6. Conclusion and recommendations


This paper affirms that organizing creativity does lead to innovation, but only product innovation. The
relation with process innovation is much weaker and must therefore be supported by other organizational
activities. The paper delivered the first comprehensive quantitative test of the relationship between
organizational creativity and innovation. The findings from a sample of 147 firms from a particular region
of Denmark confirm that encouraging employees for innovative behavior in a stimulating work
environment, allocating resources and providing idea time play a crucial role in stimulating creativity and
supporting product innovation.
The importance of allocating idea time for creative and innovative activities is also confirmed.
Unexpectedly, higher levels of freedom are found to be acting against product innovation. This finding
started the discussion on the balance between job formalities and innovation requirements leading to a
recommendation for further research on freedom and innovation. The statistical analysis did not confirm
that other variables, challenge, proactiveness and idea support harness innovation contrary to the
discussion in the literature. The insignificant outcome of these variables has mostly been associated with
the severe economic conditions shifting the priority towards maintaining ongoing business activities as a
consequence of the financial crisis. Furthermore, a notable relationship between organizational creativity
and process innovation has not been established, and further analyses were recommended to reveal
additional important aspects of organizational creativity and process innovation.
The results of this paper are presented to validate the importance of the link between creativity and
product innovation to deepen our understanding this crucial link rather than making generalizations. At
the same time, although the sample is relatively small, we make recommendations towards managers of
innovation. Clearly, these results demonstrate that creativity is not only an individual characteristic, but is
related to the organizing priorities of management and has a strong impact on product innovation.

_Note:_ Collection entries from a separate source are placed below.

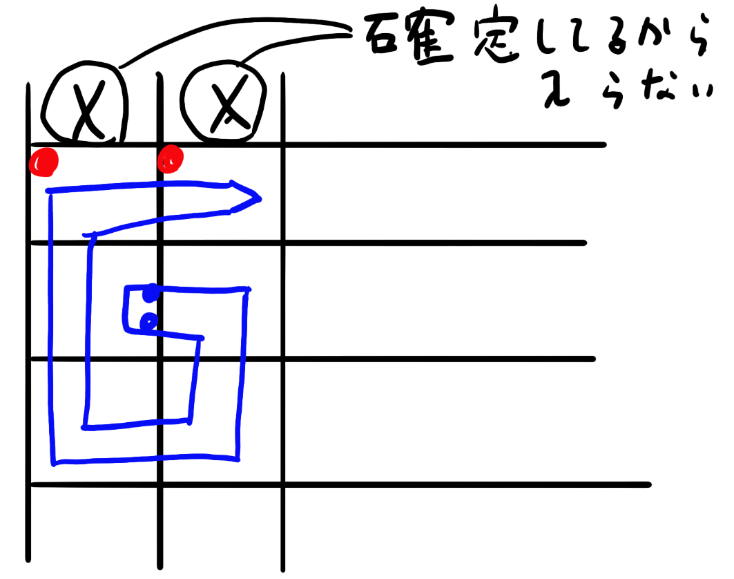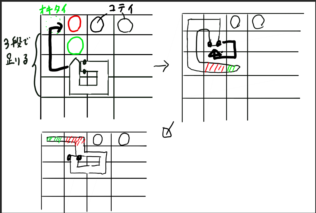 今回、始点となりうる蛇の頭の位置は置きたい列xに対してx+1だけなのでtx = 0として固定し、x=1となりました。あとは 餌の位置i j、蛇の頭の高さy、置きたい位置もtyを全探索しました。
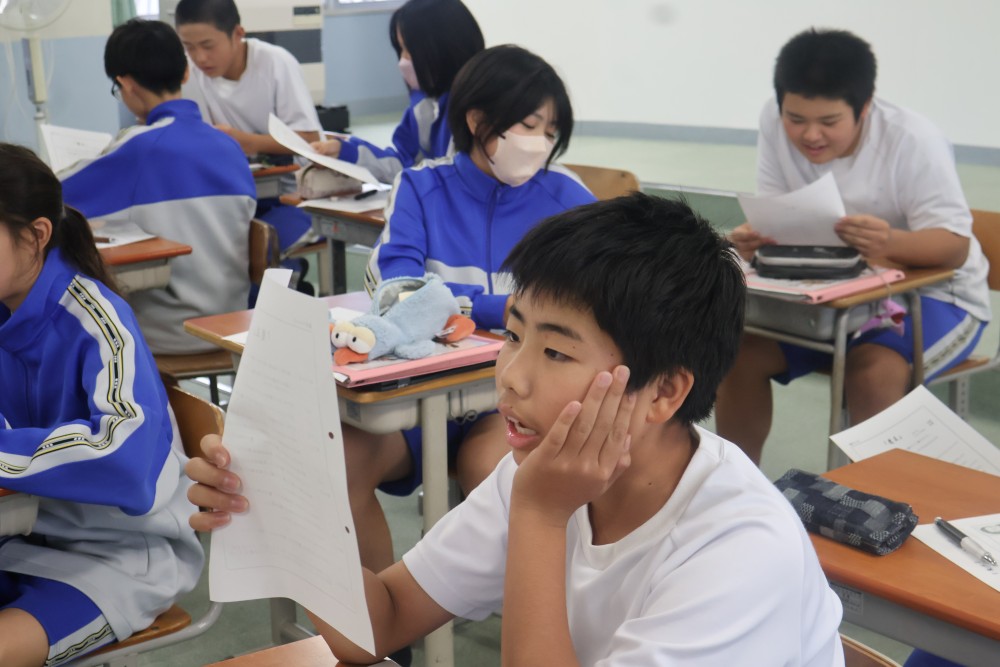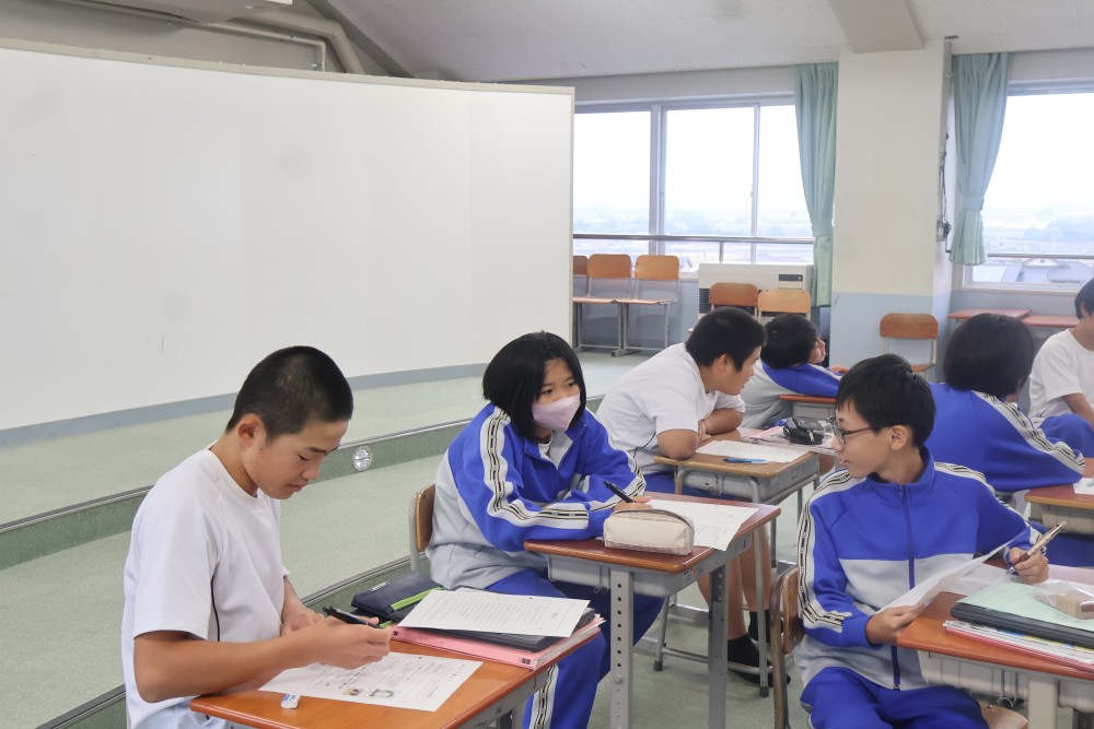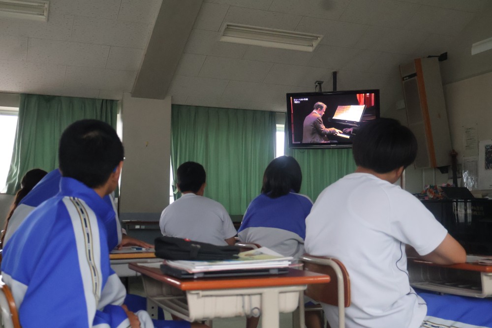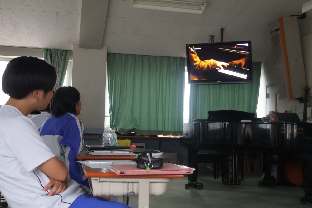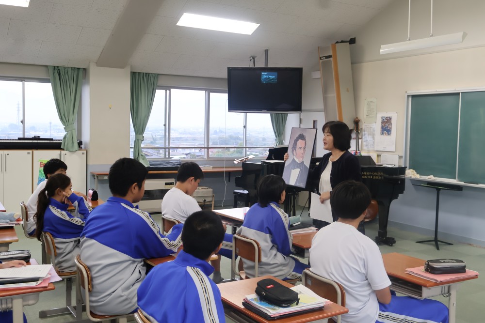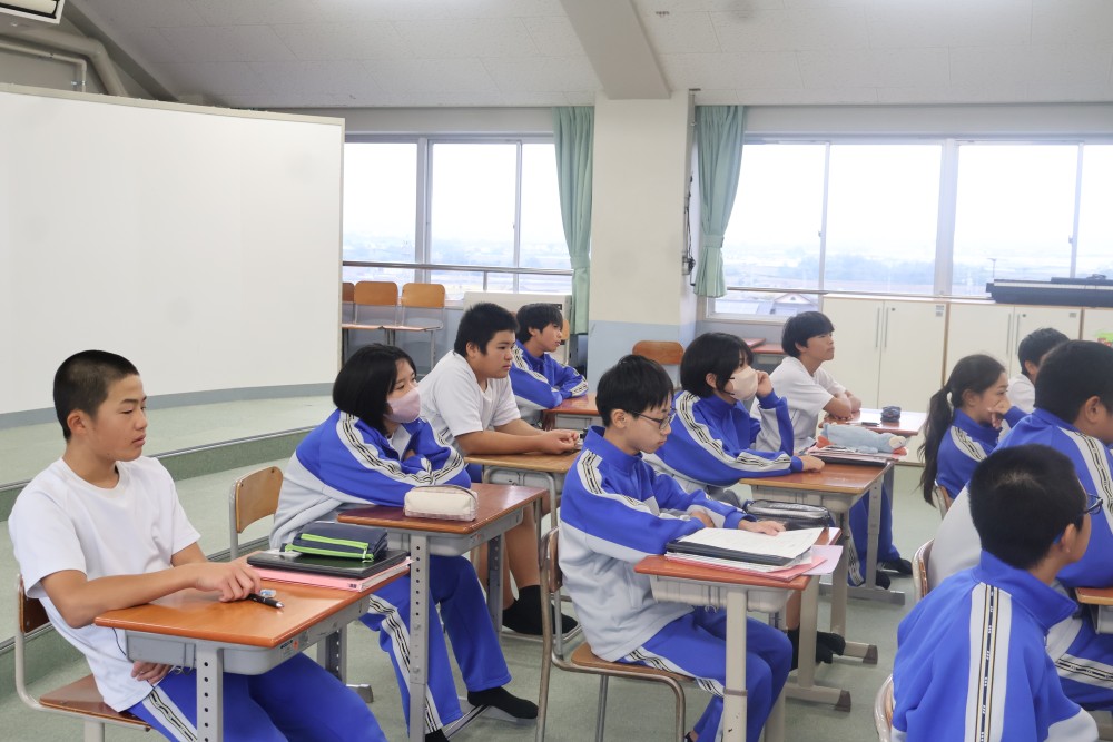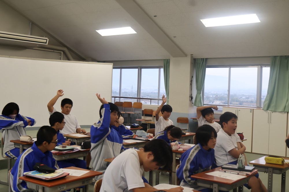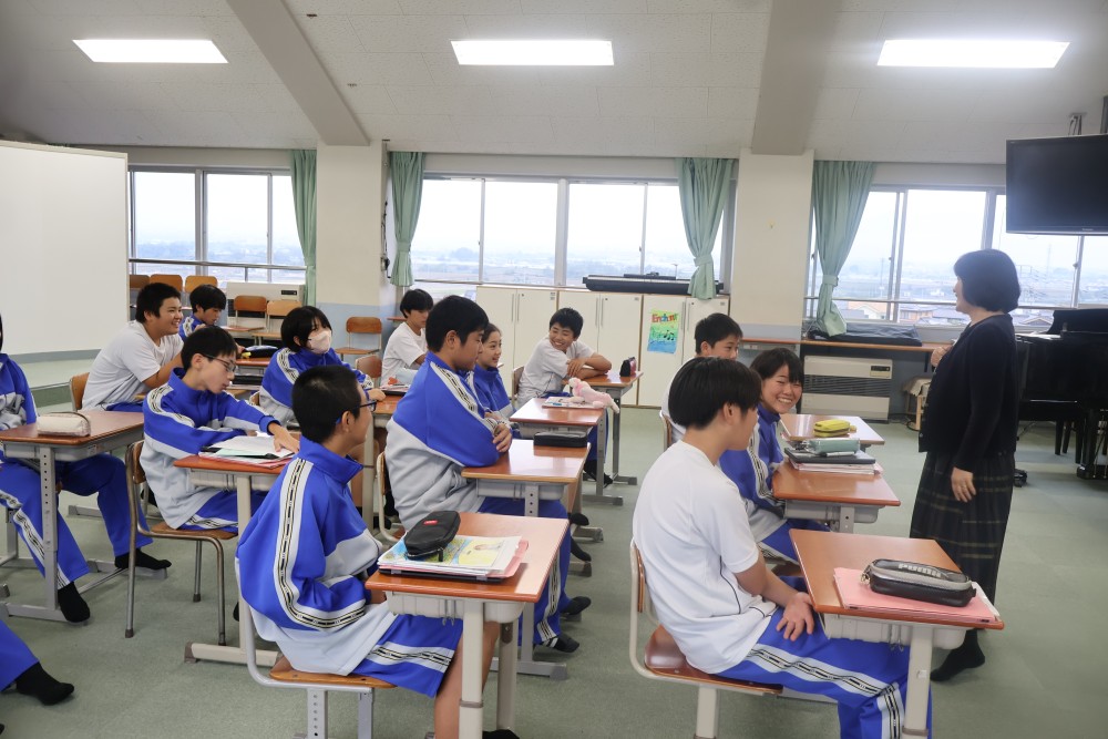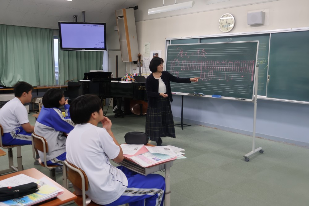 本日、最後に参観したのは6時間目の1年音楽です。金曜日の6時間目の授業は、その週最後の授業ということで「疲れ果てて元気が感じられない」ということもよく見られがちです。しかし元気が売りものの三珠中1年生は集中して授業を頑張りました。この日の授業で扱った題材は、ゲーテ作詞・シューベルト作曲の「魔王」です。「なぜ『魔王』は、今も昔も聞き手を惹きつけるのか?」について、歌詞を読み合ったり鑑賞をしたりする中で、みんなで考えました。1年生の「いいなぁ」と思うところは、何か質問されれば多くの人の手が挙がるところです。この授業でも先生の質問に対してたくさんの手が挙がっていました。「これって本当の話ですか?」、「これ(魔王)歌いますか?」など思わずほっこりする発言も飛び出し、終始良いムードの中、授業は進んでいきました。これからの学習の中で、魔王の魅力について、より深く考えていきましょう。
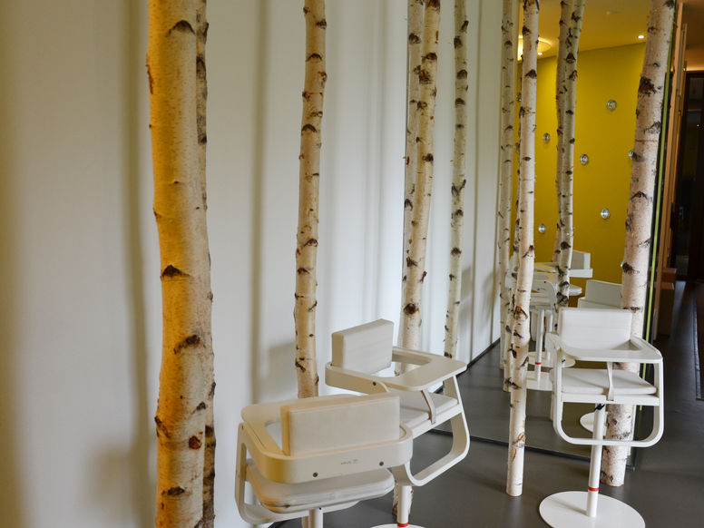 Een groot deel van het meubilair werd speciaal gemaakt van licht hout volgens de plannen van het architectenbureau HM Zeilberger. Warme groene tinten zijn te vinden op de muren en in het interieurontwerp
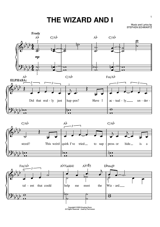 "The Wizard And I" Sheet Music by Stephen Schwartz
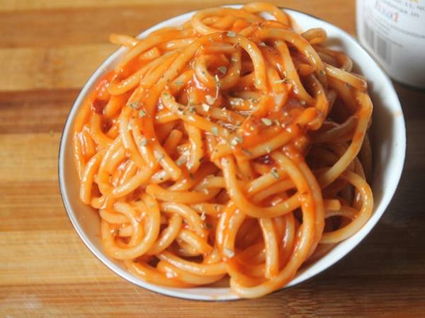 * பின்பு அதில் வேக வைத்த பாஸ்தாவை சேர்த்து நன்கு கிளறி, 3 நிமிடம் வேக வைத்து இறக்கினால், சுவையான தக்காளி கெட்சப் பாஸ்தா தயார்.
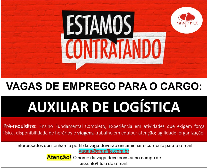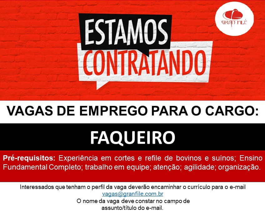 Os interessados que tenham o perfil indicado, deverão enviar o currículo à empresa Gran Filé para o e-mail: vagas@granfile.com.br com o nome da vaga no assunto do e-mail .
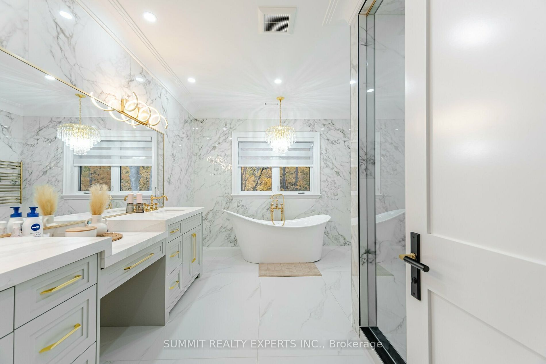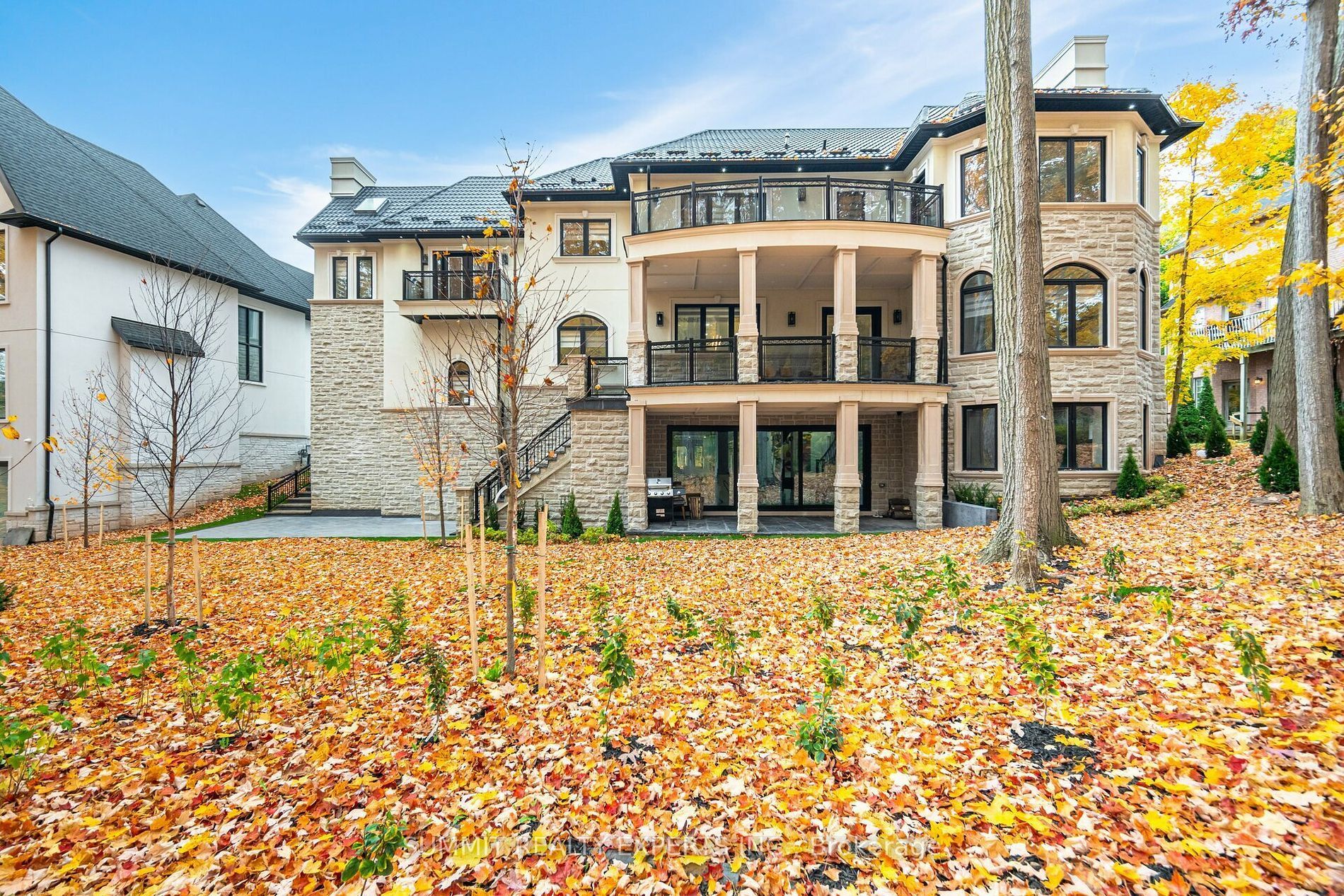 This magnificent residence boasts 8,000 square feet of opulent living space on an impressive 97. 5 ft. Wide lot with a ravine backdrop, mature trees, and a walkout basement. Designed with an indiana limestone and stucco exterior complemented by a durable metal roof, the home features a three-car garage with roughed-in wiring for an electric car charger. Inside, a wealth of luxurious amenities awaits, including a control-4 fully automated smart home system, heated floors adorned with exquisite 32"x64" porcelain tiles on the main level and basement, and premium toto toilets in most washrooms, complete with gold-plated rubinet and palazzani fixtures. The chef's kitchen shines with cambria countertops, built-in sub-zero and wolf appliances, and a meile coffee machine. Entertainment and relaxation are elevated with three fireplaces, a professionally built home theatre with recliners, and two washrooms featuring built-in steamers and a large sauna with 10 ft. Ceilings on the main floor and basement, tray and cathedral ceilings on the upper floor, a 400-amp electric panel, and high-end light fixtures throughout, this fully climate-controlled home equipped with two furnaces, two ac units, and a central vacuum embodies unparalleled sophistication and comfort. Don't forget to check professionally designed & built elevator in the house.
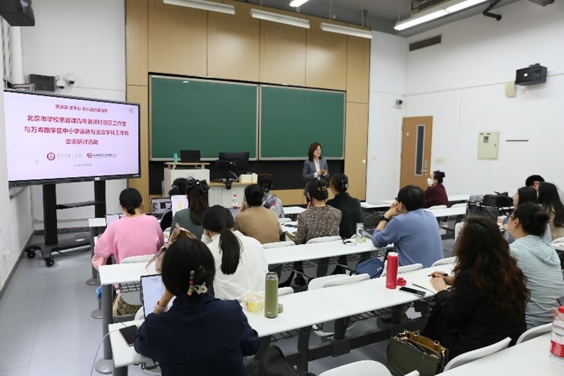 4月27日,海淀区万寿路学区教育教学部刘咏平副部长带领道德与法治学科工作坊的优秀教师赴beat365官网就深化大中小学思想政治教育一体化建设开展交流研讨。此次活动由北京市学校思想政治理论课教师名师工作室负责人付丽莎主持。
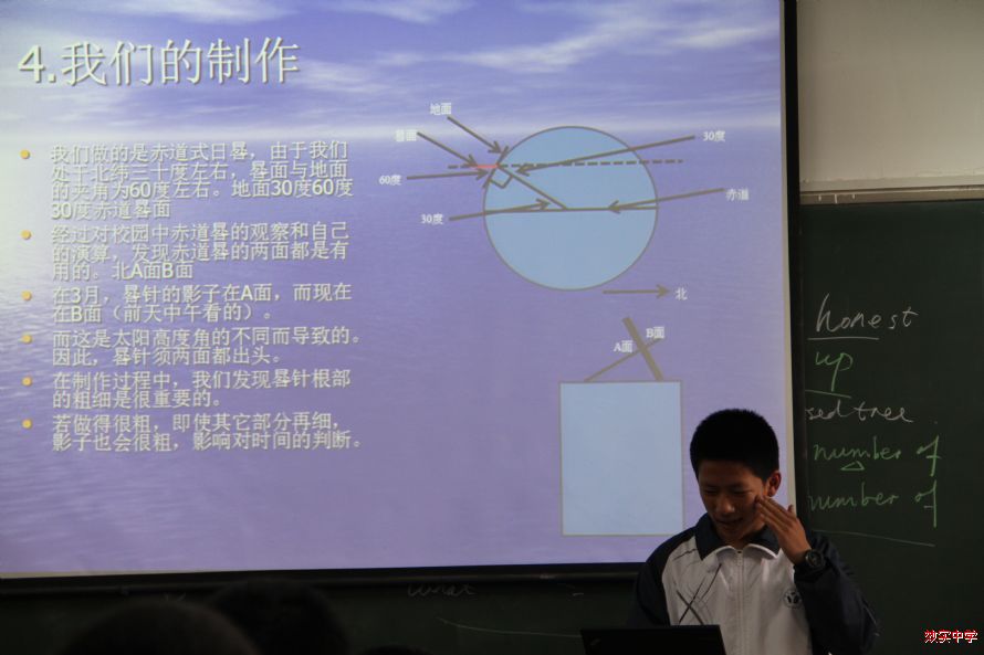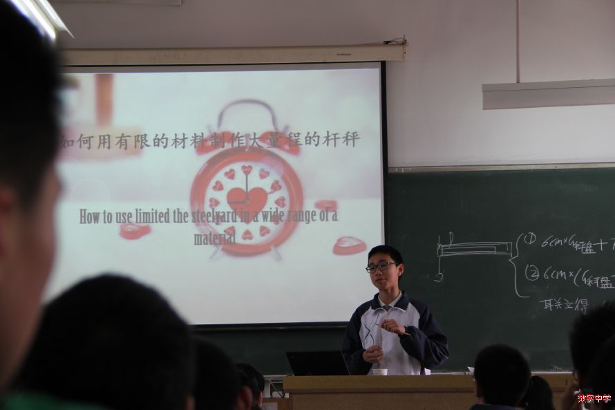 日前,2014级直升班、创新实验班的同学利用物理课与自修课进行了研究性学习成果展示会。展示的项目有:走马灯的制作、日晷的制作、杆秤的制作和各种材料保温性能的比较研究。同学们展示了自己的研究过程,分享了成果,并且将碰到的问题和进行的探索以及得到的收获与其他同学进行了讨论。在这个过程中,大家充分体现了自己的智慧,求知欲,分析解决问题的能力,团队精神,幽默感和不畏困难迎头而上的科学精神,整个教室充溢着会心的欢笑,让人不禁感慨,学习原本可以这般快乐,科学也确然有如此无穷的吸引力。最后,杨继林老师做了精彩总结,肯定了同学们的研究,提出了改进的意见,更鼓励同学们不仅要学习知识,更要发展能力,因为能力才是会让我们一生受益的东西。
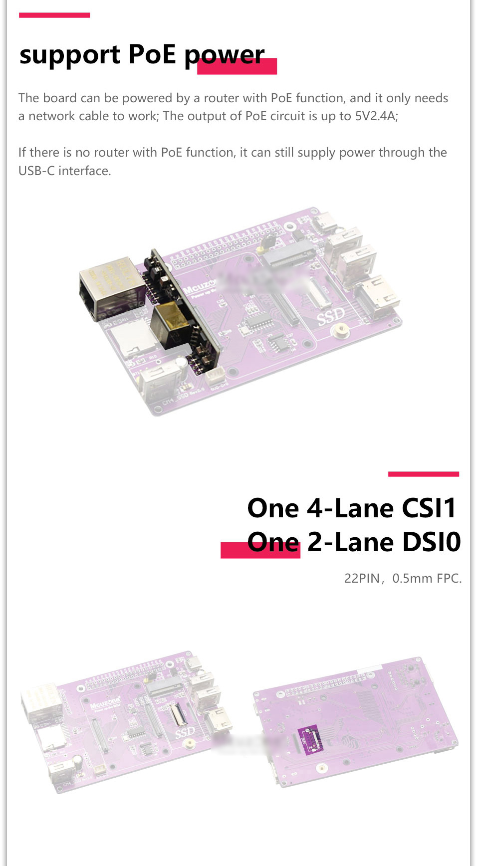 - The CM4_PoE_SSD expansion board is expanded with a 22pin 0.5mm pitch CSI1 camera interface, which supports 4-Lane MIPI signals.

Therefore, managers of innovation need to balance the current dominant view on open innovation by reemphasizing internal organizational factors as important drivers of product innovation. While
acknowledging the adverse effects of the financial crisis, we recommend managers to stay oriented and
take on reasonable risk and opportunities, and link these with an offensive strategy. Simultaneously, we
recommend that managers exercise freedom cautiously to ensure that operations are carried out
effectively, while employees are allowed moderate freedom to achieve product innovation. Further,
recommendations can be developed once further studies are carried out, emphasizing the need to study
off-crisis periods.
The small sample size from a relatively homogeneous population and the ongoing effects of severe
economic conditions constitute the main limitations of this study. Once more data are collected in a less
severe economic situation the statistical analysis may yield further enlightening results. In addition to the
sample limitation, a potential bias may have been introduced by requesting that the CEO or innovation
manager of the respondent firm complete the survey, thereby capturing senior managers perceptions of
the firm rather than those of employees. Perceptions by these distinct parties may not necessarily match
[17]

and voice the real conditions in the firm, although we find that it may be easier for management to observe
employees and be aware of general perceptions and well-being in the small firm. Therefore, although we
acknowledge potential bias, we expect much of response to reflect the real creativity and innovation
stimulants in the firm as perceived by the employees, whether creative or not!